*Data records*
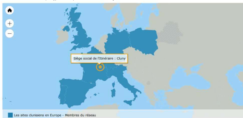
Figure 1 : Le réseau « Les sites clunisiens en Europe ».

Suite à la labellisation des sites clunisiens (2005), ce réseau acquiert une double reconnaissance patrimoniale – d'une part, celle d'itinéraire culturel européen (ICE) du Conseil de l'Europe issue des valeurs fondatrices de cette institution européenne prônant un dessin de paix entre les Nations puis celle de Grand itinéraire culturel. Ces mentions posent le cadre éthique et le champ d'action transnational quant aux dynamiques patrimoniales des itinéraires culturels européens en tant qu'objet de patrimonialisation bénéficiant d'une labellisation institutionnelle. Par ailleurs, notons que les critères d'éligibilité conduisant à l'obtention politique du précieux label ne précisent pas a priori de formes patrimoniales pré-retenues (matériel, immatériel, naturel) au processus de reconnaissance. Ils s'inscrivent plutôt dans une rémanence mémorielle de patrimoines européens comme identité locale à rayonnement européen. De même, notons que l'appellation « site clunisien » est sujette à une construction politique et citoyenne dont la finalité est de rassembler un ensemble de lieux matériels (prieuré, monastère, abbaye, doyenné, collège, seigneurie, etc.) épars en Europe réunissant des patrimoines (matériel, immatériel, naturel) d'une communauté monastique médiévale formant un réseau (Figure 1) cohérent ayant conduit à sa labellisation.
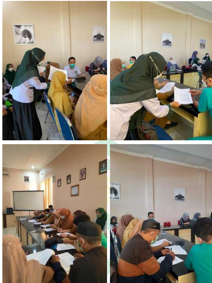
Gambar 1. Pengisian Kuesioner Pre dan Post Test
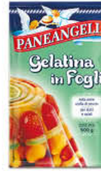
PANEANGELI GELATINA IN FOGLI 12 GR
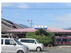
西鉄 桜台駅 徒歩 9 分
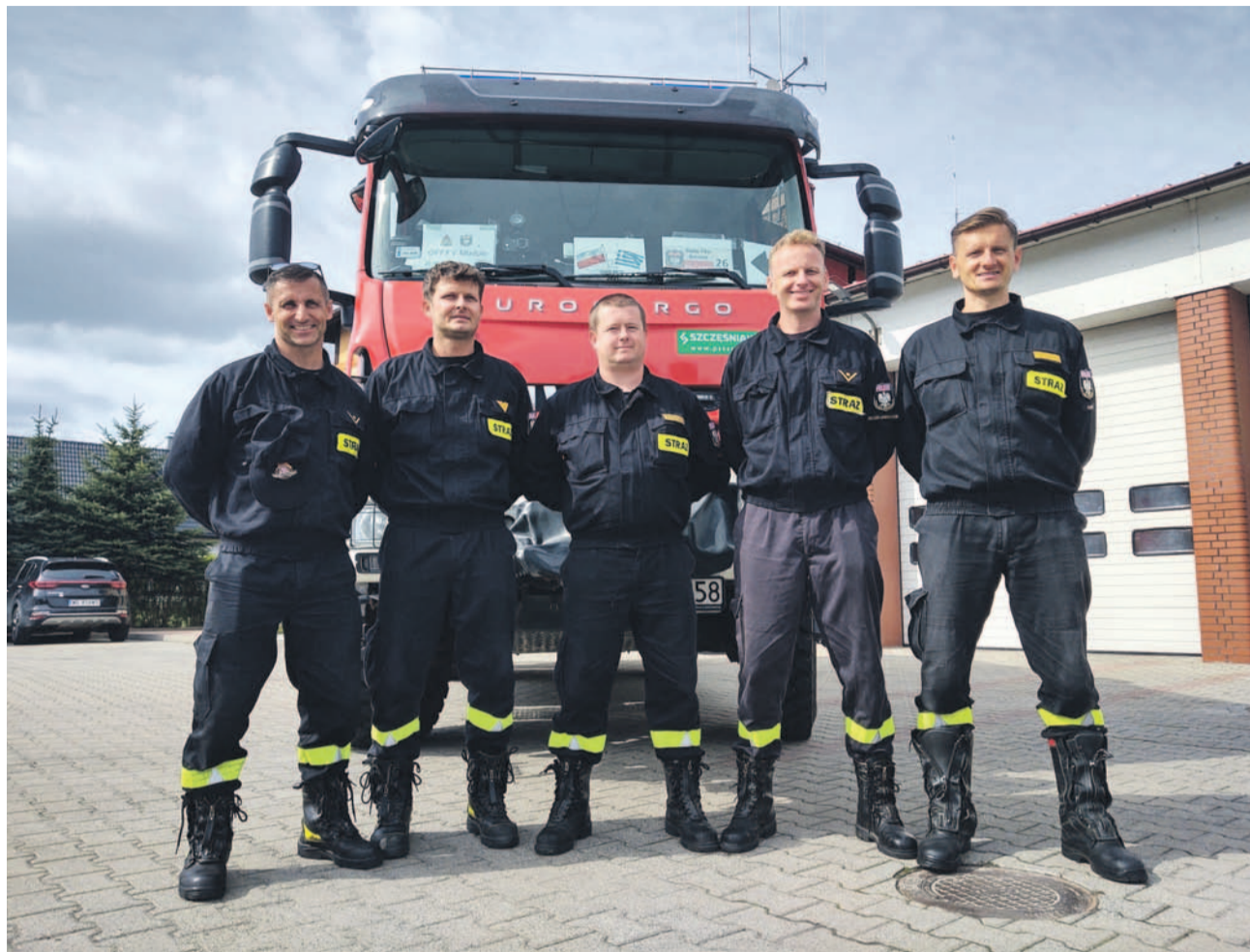
Pięciu strażaków PSP w Oławie, którzy wyjechali do Grecji gasić pożary jako druga zmiana, szczęśliwie wróciło do domu

*EXERCISE DIRECTIONS*
Please show each line in the records above that contains "sites".

*YOUR RESPONSE*
Figure 1 : Le réseau « Les sites clunisiens en Europe ».
Suite à la labellisation des sites clunisiens (2005), ce réseau acquiert une double reconnaissance patrimoniale – d'une part, celle d'itinéraire culturel européen (ICE) du Conseil de l'Europe issue des valeurs fondatrices de cette institution européenne prônant un dessin de paix entre les Nations puis celle de Grand itinéraire culturel. Ces mentions posent le cadre éthique et le champ d'action transnational quant aux dynamiques patrimoniales des itinéraires culturels européens en tant qu'objet de patrimonialisation bénéficiant d'une labellisation institutionnelle. Par ailleurs, notons que les critères d'éligibilité conduisant à l'obtention politique du précieux label ne précisent pas a priori de formes patrimoniales pré-retenues (matériel, immatériel, naturel) au processus de reconnaissance. Ils s'inscrivent plutôt dans une rémanence mémorielle de patrimoines européens comme identité locale à rayonnement européen. De même, notons que l'appellation « site clunisien » est sujette à une construction politique et citoyenne dont la finalité est de rassembler un ensemble de lieux matériels (prieuré, monastère, abbaye, doyenné, collège, seigneurie, etc.) épars en Europe réunissant des patrimoines (matériel, immatériel, naturel) d'une communauté monastique médiévale formant un réseau (Figure 1) cohérent ayant conduit à sa labellisation.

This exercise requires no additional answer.